• [Problem to solve] Restate word for word the lines of the material below, from the line with "covs=c('age','pdl1','change_ctdna_group'))| OR(95%CI) |" to the line with "Крій slim. - Короткий", both lines included, and no others.

• [Raw data]
========================================

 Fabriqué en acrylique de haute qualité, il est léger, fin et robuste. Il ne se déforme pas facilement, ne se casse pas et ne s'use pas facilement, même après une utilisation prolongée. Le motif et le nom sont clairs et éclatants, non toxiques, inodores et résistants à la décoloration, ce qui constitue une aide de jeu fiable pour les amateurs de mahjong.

========================================

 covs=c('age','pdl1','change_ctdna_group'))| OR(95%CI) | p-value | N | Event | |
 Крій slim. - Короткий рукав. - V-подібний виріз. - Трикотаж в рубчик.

========================================

• [Response for this exercise]
 covs=c('age','pdl1','change_ctdna_group'))| OR(95%CI) | p-value | N | Event | |
 Крій slim. - Короткий рукав. - V-подібний виріз. - Трикотаж в рубчик.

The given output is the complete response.